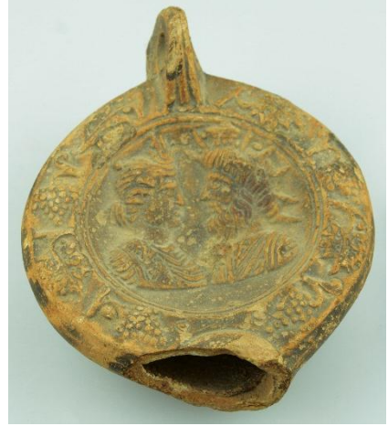
ملحق 2: مصباح يحمل صورة سيرابيس في متحف سيرتا عن المتحف الوطني سيرتا
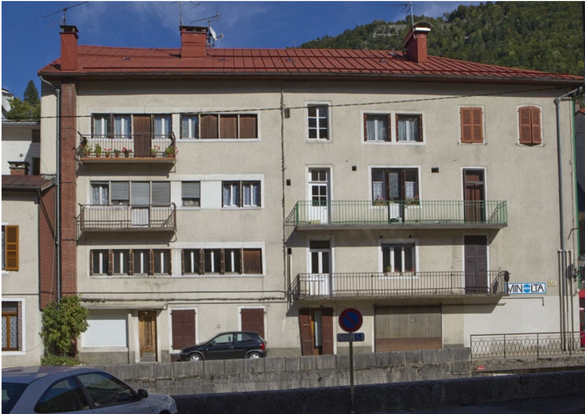
Face latérale gauche.
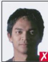
shadows across face
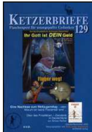
Ketzerbriefe 129 EUR 4,50 / sFr 8,10 ISBN 3-89484-238-5
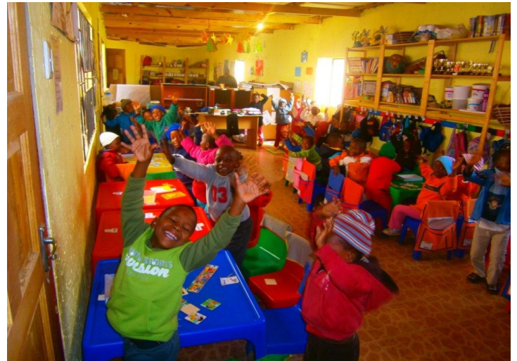
Beaucoup de plaisir ... Dans une immense Joie
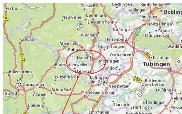
Nagold sijaitsee lähellä Tübingeniä, 51 km Stuttgartista etelään.

═══

**Task details**
Copy every line of the data word for word, omitting the images.

**Task solution**
ملحق 2: مصباح يحمل صورة سيرابيس في متحف سيرتا عن المتحف الوطني سيرتا
Face latérale gauche.
shadows across face
Ketzerbriefe 129 EUR 4,50 / sFr 8,10 ISBN 3-89484-238-5
Beaucoup de plaisir ... Dans une immense Joie
Nagold sijaitsee lähellä Tübingeniä, 51 km Stuttgartista etelään.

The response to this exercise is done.